▸ Dataset content
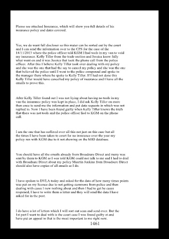 14/11/2013 where the police officer told KGM I had tools in my van to void
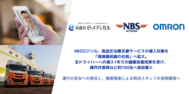 イーメディカルジャパン株式会社(本社:東京都千代田区、代表取締役社長:塩谷さおり、以下イーメディカルジャパン)、株式会社NBSロジソル(本社:大分県日田市、代表取締役社長:河野 逸郎、以下NBSロジソル)、オムロン ヘルスケア株式会社(本社:京都府向日市、代表取締役社長:岡田 歩、以下オムロン ヘルスケア)の3社は、NBSロジソルが昨年より全ドライバー約500名を対象に福利厚生として導入したオンライン診療サービス「高血圧イーメディカル」を活用したオンライン診療サービスを、ドライバー以外の社員(庫内作業員・事務職等)約100名に拡大し、2025年12月より順次導入を開始することをお知らせいたします。
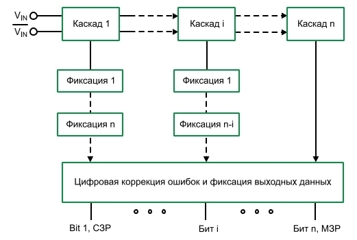 Число каскадов часто совпадает с числом разрядов АЦП. Конечный результат преобразования является совокупностью результатов каждой ступени. Такой процесс преобразования приводит к задержке данных всего лишь на несколько тактов, причем их число всегда меньше числа каскадов. Примером достижения высоких результатов может служить 2-канальный АЦП конвейерного типа ADS54J20 компании Texas Instruments. При разрешении 12 бит его производительность достигает 1 Гвыб/с.
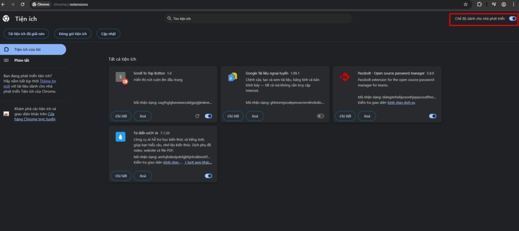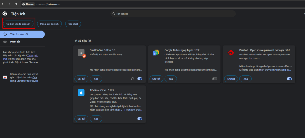 • Chọn tải tiện ích đã giải nén -> chọn folder chứa extension đã viết
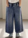 Genkimix Kids Young Girl Casual All-Match Everyday Versatile Button Front Detail Elastic Waist Raw Hem Wide Leg Jeans Fall Winter
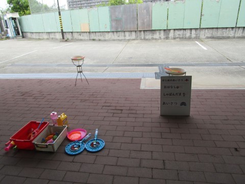 風の向きを調節したり工夫をして上手にシャボン玉ができました。
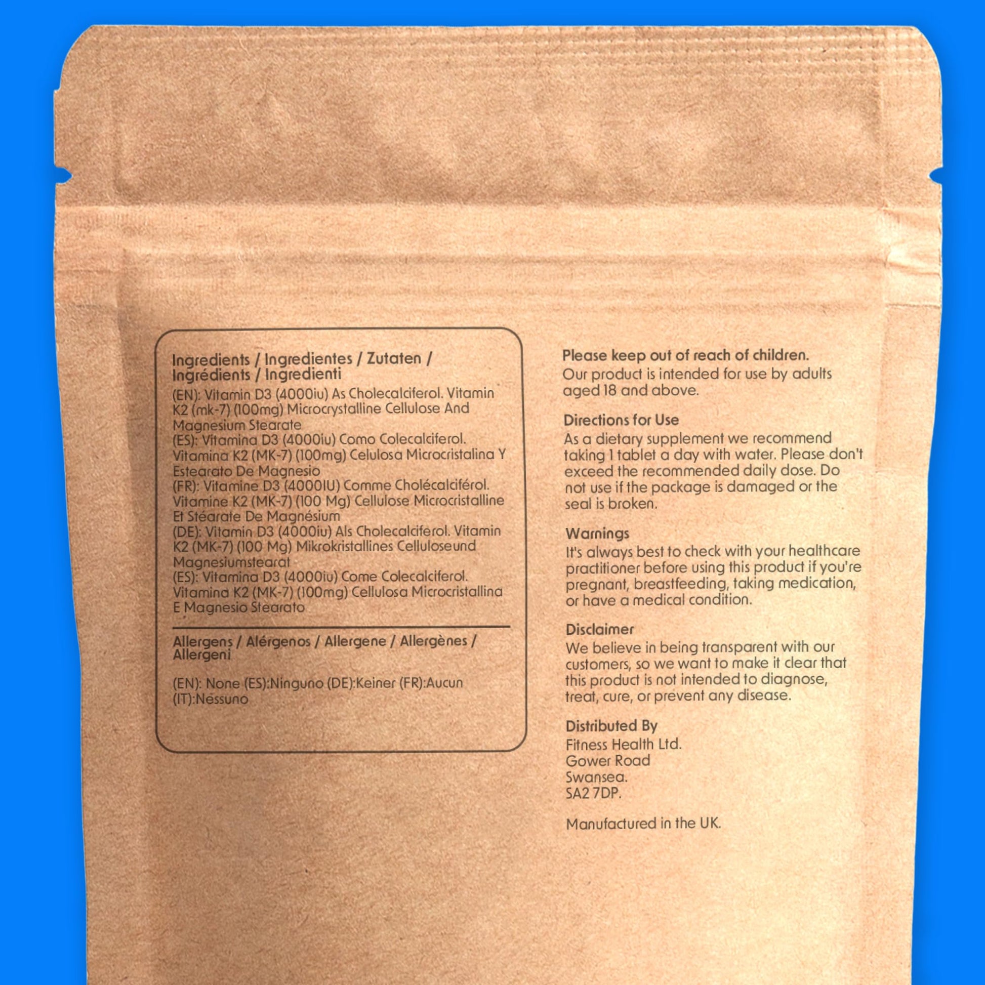 Fitness Health Vitamin D3 K2 (MK7) Tablets contain vitamin d3 (4000iu) as cholecalciferol. Vitamin k2 (mk-7) (100mg) Microcrystalline cellulose and magnesium stearate are delivered in a convenient and easy-to-swallow tablet form with no added preservatives or harmful ingredients.
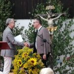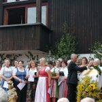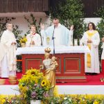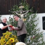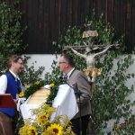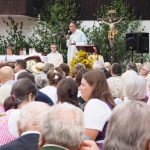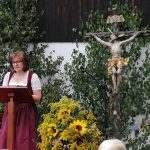 Vorangegangen war ein festlicher Gottesdienst zum Patrozinium der Panger Pfarrkirche Mariä Himmelfahrt. Musikalisch umrahmten ihn der Kirchenchor Pang-Heilig Blut unter Leitung von Andreas Penninger und die Wasner Musi unter Leitung von Hans Rutz. Erstmals seit November zelebrierte nach dessen schwerer Corona-Infektion auch Pfarrvikar Dariusz Burdalski neben Gemeindereferentin Maria Leutgäb wieder eine Messe mit. Ein festliches Bild gaben der Veranstaltung zudem die Fahnenabordnungen der Vereine aus dem Rosenheimer Süden, zahlreiche Ministranten, viele Weggefährten, Familienangehörige sowie eine große Schar von Gläubigen aus Rosenheim und darüber hinaus. Die Frauengemeinschaft Pang-Aising verkaufte zudem traditionelle Kräuterbuschen.
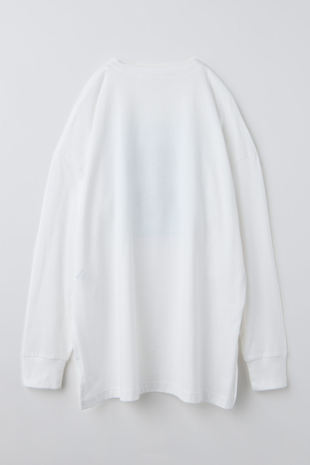 カジュアルな印象になりがちなプリントロンTを大人な雰囲気に変換し、素材をコラージュしたポイントデザインロンT。
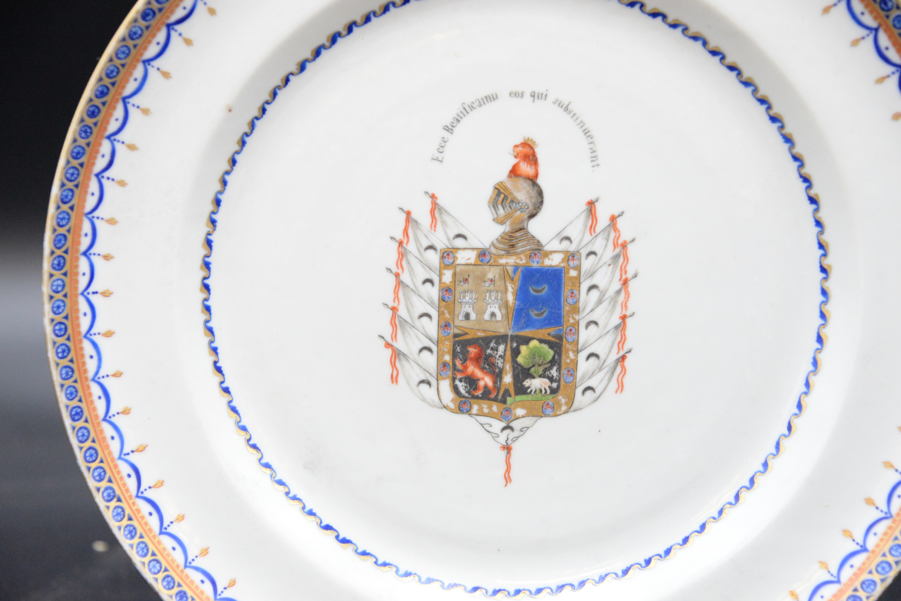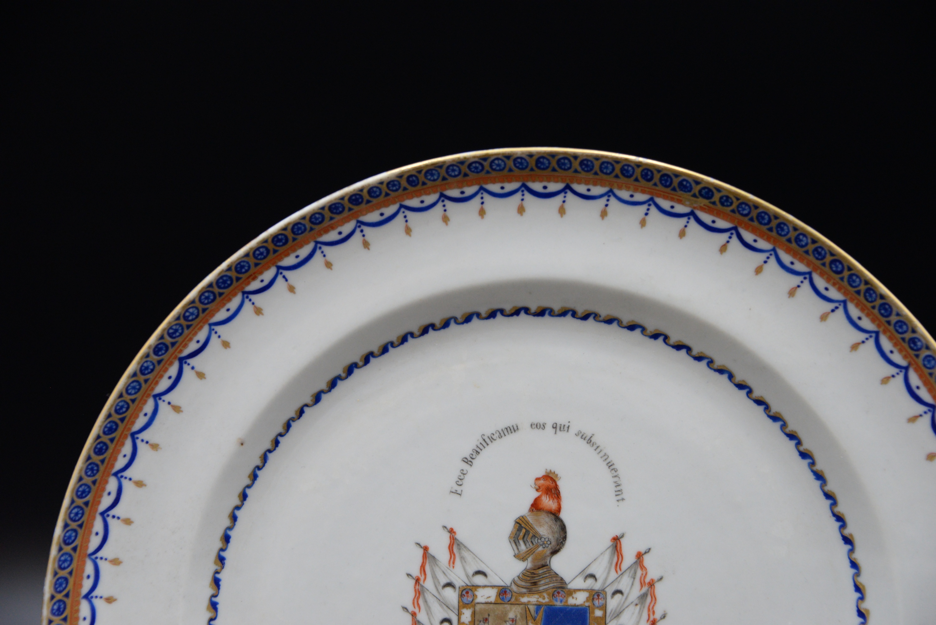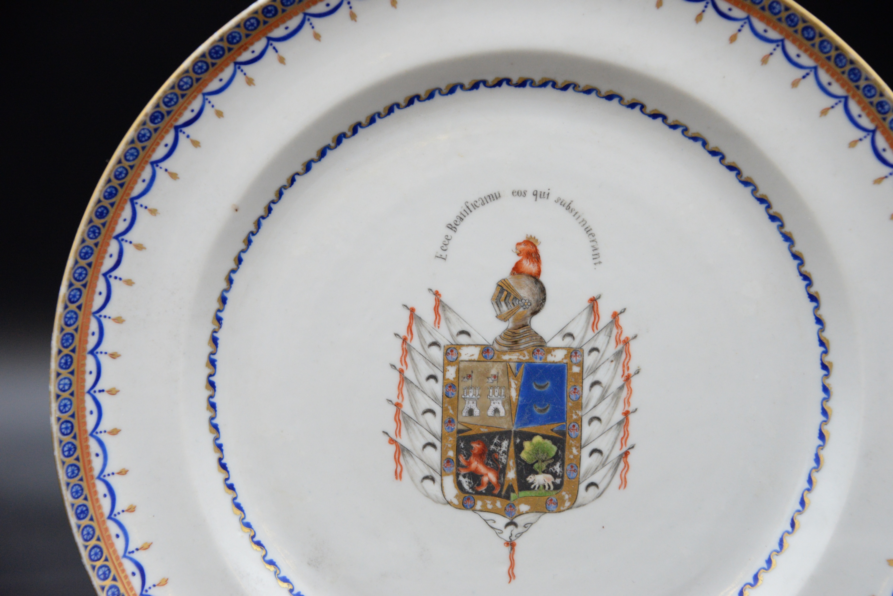 Chinese Export Porcelain Mexican Market Armorial Plate, Qianlong bearing the arms of Solar de Tejada, having swag border along with motto: “Ecce Beatificamus Eos Qui Substinverrint”, diameter 10 inches.
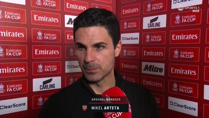 虎扑02月16日讯阿森纳主教练阿尔特塔在4-0击败维冈竞技的足总杯赛后,接受TNTSport采访。
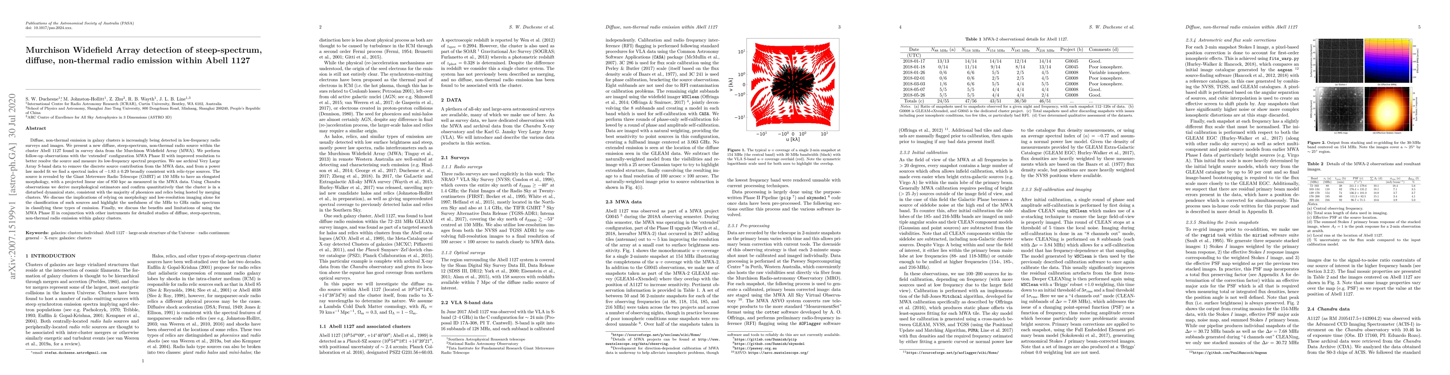 The Murchison Widefield Array detected a diffuse, steep-spectrum, non-thermal radio source in the Abell 1127 cluster, characterized by a spectral index of $-1.83\pm0.29$ indicative of a relic-type source. Follow-up observations with the MWA Phase II and the Giant Metrewave Radio Telescope reveal an elongated morphology and confirm the cluster's disturbed dynamical state.
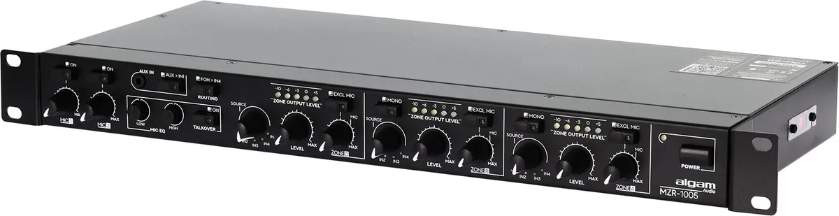 The MZR-1005 is an audio mixer/zoner designed to provide flexible, efficient sound management in public spaces such as bars, restaurants and shopping centers. With its 4 stereo RCA inputs and two microphone inputs with 2-band equalization and configurable talkover, you can mix a multitude of audio sources, from CD players to mixing consoles or smartphones. The MZR-1005 also features a 3.5 mm auxiliary input on the front panel, routing the signal to channel 1 by pressing the AUX>IN1 button.
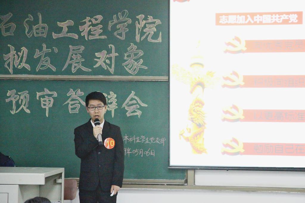 每一位答辩选手都是油工院最出色的学子,他们不仅仅是学习中的佼佼者,成绩名列专业前茅,更是太阳成城集团tyc234cc官网各个社团组织以及各类活动的引领者,带领同学们积极进取,奉献自己。在答辩的自我陈述部分,大家结合自身实际情况,具体深入地谈到了对党的认识、入党动机和自身的现实表现。在党识党情考察环节,每位答辩者都要从准备的题目中抽取一题作答。这些题目涉及到中国共产党的宗旨、党的性质、党在社会主义初级阶段的基本路线、党员的权利与义务、我国现阶段的基本矛盾等,大部分答辩者经过长期思想政治理论学习和熏陶都能流利作答。
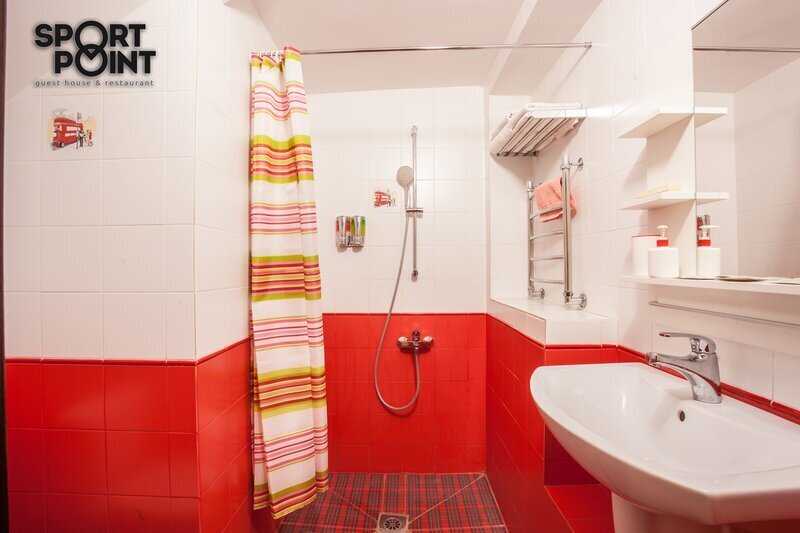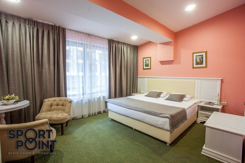 Просторный номер в нежно-розовом цвете подарит Вам чудесный отдых в «Олимпийской деревне Новогорск». Все номера гостевого дома Sport Point обработаны специальным звукоизоляционным материалом, поэтому Вы сможете полностью расслабиться.
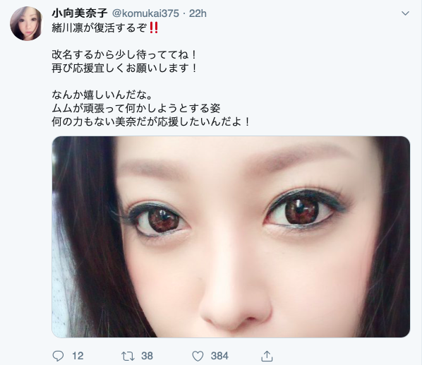 消息的來源是好一陣子沒發片的藝能人女優「小向美奈子」,雖然我比較想知道她還有沒有拍片的打算,不過這種事她是不會亂說的,沒錯,藝態人片商Muteki出身、已經在2015年引退的「緒川凛」要復活了…
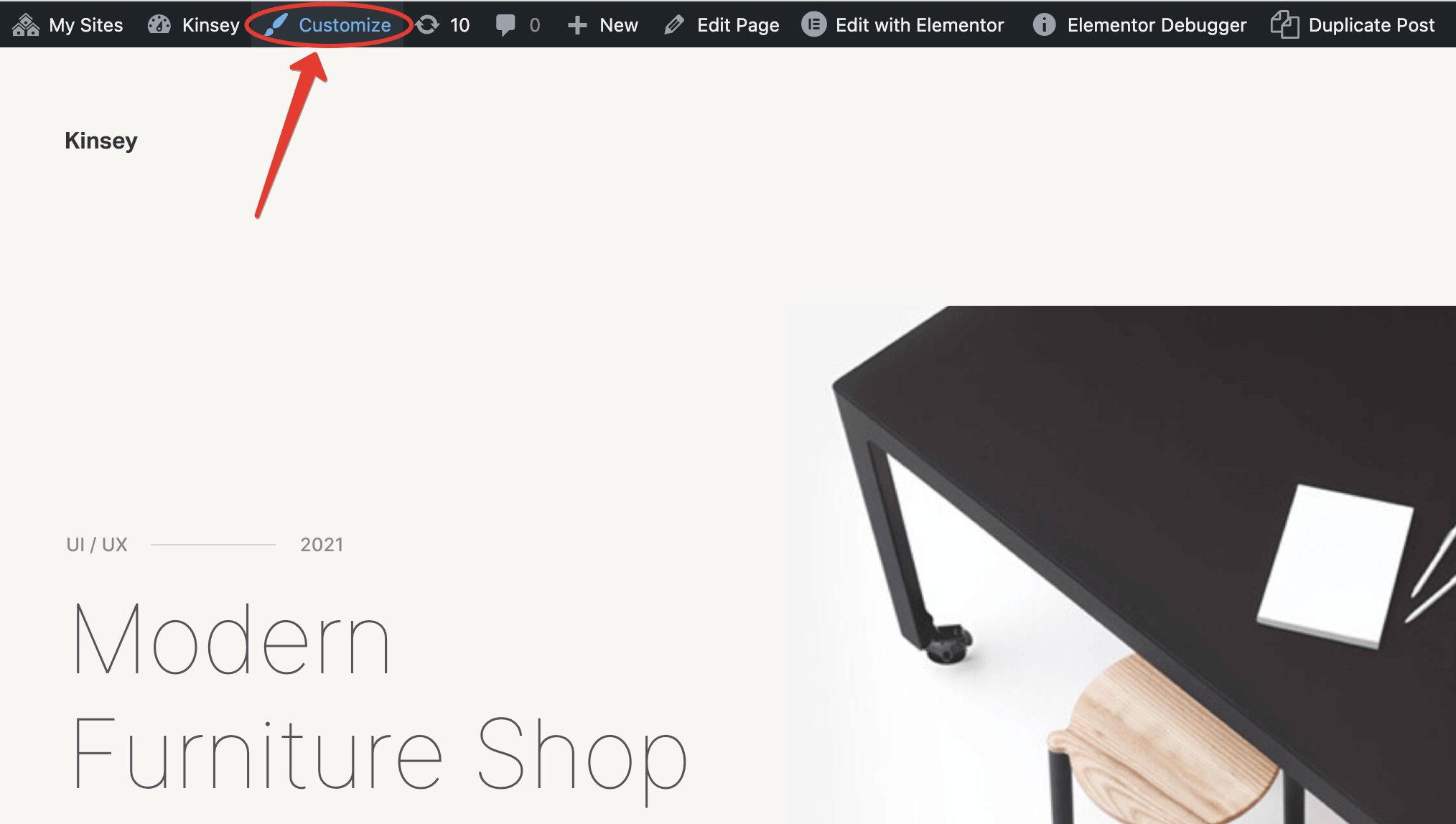 The Kinsey theme is seamlessly integrated with the standard WordPress Customizer. The Customizer is a useful panel that you can find when exploring your website frontend while being logged in as an administrator. All the theme's visual options, such as typography, colors, logo, etc., are located in the WordPress Customizer. Let’s see how to access it.
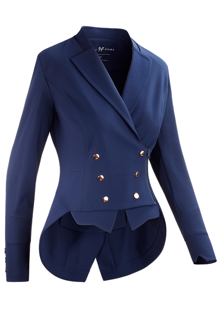 Horse Pilot Women´s Dressage Coat Mini Frac - this short dressage tail coat is perfect for riders wanting an elegant look, without compromising on total comfort. Made from soft, technical stretch fabric, the short tails allow complete freedom of movement when competing. The single rear flap, tailored fit and rose gold colored buttons give the coat a stylish look, whilst the fabric remains highly breathable and quick drying to ensure your comfort.
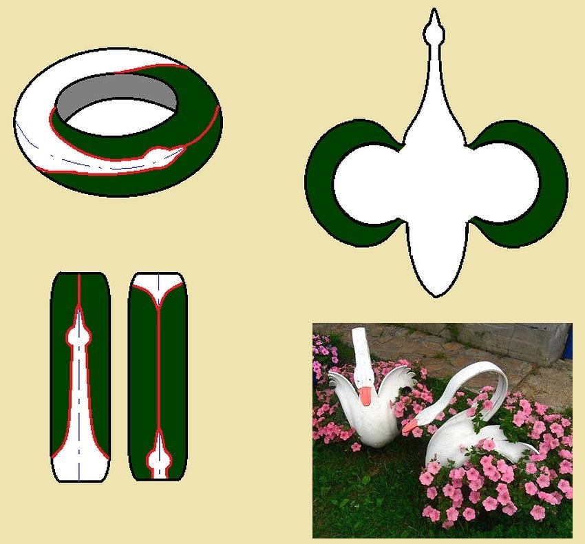 Фантазия людей безгранична и делают они из старых автомобильных покрышек удивительные украшения. Самые распространенные поделки — фигуры птиц и животных. И самый любимый, пожалуй, персонаж — лебедь. Получается он грациозным и похожим, особенно, если знать некоторые хитрости.

▸ Exercise instructions
In your copy, omit the pictures and restate every line of the data word for word.

▸ Task solution
 14/11/2013 where the police officer told KGM I had tools in my van to void
 イーメディカルジャパン株式会社(本社:東京都千代田区、代表取締役社長:塩谷さおり、以下イーメディカルジャパン)、株式会社NBSロジソル(本社:大分県日田市、代表取締役社長:河野 逸郎、以下NBSロジソル)、オムロン ヘルスケア株式会社(本社:京都府向日市、代表取締役社長:岡田 歩、以下オムロン ヘルスケア)の3社は、NBSロジソルが昨年より全ドライバー約500名を対象に福利厚生として導入したオンライン診療サービス「高血圧イーメディカル」を活用したオンライン診療サービスを、ドライバー以外の社員(庫内作業員・事務職等)約100名に拡大し、2025年12月より順次導入を開始することをお知らせいたします。
 Число каскадов часто совпадает с числом разрядов АЦП. Конечный результат преобразования является совокупностью результатов каждой ступени. Такой процесс преобразования приводит к задержке данных всего лишь на несколько тактов, причем их число всегда меньше числа каскадов. Примером достижения высоких результатов может служить 2-канальный АЦП конвейерного типа ADS54J20 компании Texas Instruments. При разрешении 12 бит его производительность достигает 1 Гвыб/с.
 • Chọn tải tiện ích đã giải nén -> chọn folder chứa extension đã viết
 Genkimix Kids Young Girl Casual All-Match Everyday Versatile Button Front Detail Elastic Waist Raw Hem Wide Leg Jeans Fall Winter
 風の向きを調節したり工夫をして上手にシャボン玉ができました。
 Fitness Health Vitamin D3 K2 (MK7) Tablets contain vitamin d3 (4000iu) as cholecalciferol. Vitamin k2 (mk-7) (100mg) Microcrystalline cellulose and magnesium stearate are delivered in a convenient and easy-to-swallow tablet form with no added preservatives or harmful ingredients.
 Vorangegangen war ein festlicher Gottesdienst zum Patrozinium der Panger Pfarrkirche Mariä Himmelfahrt. Musikalisch umrahmten ihn der Kirchenchor Pang-Heilig Blut unter Leitung von Andreas Penninger und die Wasner Musi unter Leitung von Hans Rutz. Erstmals seit November zelebrierte nach dessen schwerer Corona-Infektion auch Pfarrvikar Dariusz Burdalski neben Gemeindereferentin Maria Leutgäb wieder eine Messe mit. Ein festliches Bild gaben der Veranstaltung zudem die Fahnenabordnungen der Vereine aus dem Rosenheimer Süden, zahlreiche Ministranten, viele Weggefährten, Familienangehörige sowie eine große Schar von Gläubigen aus Rosenheim und darüber hinaus. Die Frauengemeinschaft Pang-Aising verkaufte zudem traditionelle Kräuterbuschen.
 カジュアルな印象になりがちなプリントロンTを大人な雰囲気に変換し、素材をコラージュしたポイントデザインロンT。
 Chinese Export Porcelain Mexican Market Armorial Plate, Qianlong bearing the arms of Solar de Tejada, having swag border along with motto: “Ecce Beatificamus Eos Qui Substinverrint”, diameter 10 inches.
 虎扑02月16日讯阿森纳主教练阿尔特塔在4-0击败维冈竞技的足总杯赛后,接受TNTSport采访。
 The Murchison Widefield Array detected a diffuse, steep-spectrum, non-thermal radio source in the Abell 1127 cluster, characterized by a spectral index of $-1.83\pm0.29$ indicative of a relic-type source. Follow-up observations with the MWA Phase II and the Giant Metrewave Radio Telescope reveal an elongated morphology and confirm the cluster's disturbed dynamical state.
 The MZR-1005 is an audio mixer/zoner designed to provide flexible, efficient sound management in public spaces such as bars, restaurants and shopping centers. With its 4 stereo RCA inputs and two microphone inputs with 2-band equalization and configurable talkover, you can mix a multitude of audio sources, from CD players to mixing consoles or smartphones. The MZR-1005 also features a 3.5 mm auxiliary input on the front panel, routing the signal to channel 1 by pressing the AUX>IN1 button.
 每一位答辩选手都是油工院最出色的学子,他们不仅仅是学习中的佼佼者,成绩名列专业前茅,更是太阳成城集团tyc234cc官网各个社团组织以及各类活动的引领者,带领同学们积极进取,奉献自己。在答辩的自我陈述部分,大家结合自身实际情况,具体深入地谈到了对党的认识、入党动机和自身的现实表现。在党识党情考察环节,每位答辩者都要从准备的题目中抽取一题作答。这些题目涉及到中国共产党的宗旨、党的性质、党在社会主义初级阶段的基本路线、党员的权利与义务、我国现阶段的基本矛盾等,大部分答辩者经过长期思想政治理论学习和熏陶都能流利作答。
 Просторный номер в нежно-розовом цвете подарит Вам чудесный отдых в «Олимпийской деревне Новогорск». Все номера гостевого дома Sport Point обработаны специальным звукоизоляционным материалом, поэтому Вы сможете полностью расслабиться.
 消息的來源是好一陣子沒發片的藝能人女優「小向美奈子」,雖然我比較想知道她還有沒有拍片的打算,不過這種事她是不會亂說的,沒錯,藝態人片商Muteki出身、已經在2015年引退的「緒川凛」要復活了…
 The Kinsey theme is seamlessly integrated with the standard WordPress Customizer. The Customizer is a useful panel that you can find when exploring your website frontend while being logged in as an administrator. All the theme's visual options, such as typography, colors, logo, etc., are located in the WordPress Customizer. Let’s see how to access it.
 Horse Pilot Women´s Dressage Coat Mini Frac - this short dressage tail coat is perfect for riders wanting an elegant look, without compromising on total comfort. Made from soft, technical stretch fabric, the short tails allow complete freedom of movement when competing. The single rear flap, tailored fit and rose gold colored buttons give the coat a stylish look, whilst the fabric remains highly breathable and quick drying to ensure your comfort.
 Фантазия людей безгранична и делают они из старых автомобильных покрышек удивительные украшения. Самые распространенные поделки — фигуры птиц и животных. И самый любимый, пожалуй, персонаж — лебедь. Получается он грациозным и похожим, особенно, если знать некоторые хитрости.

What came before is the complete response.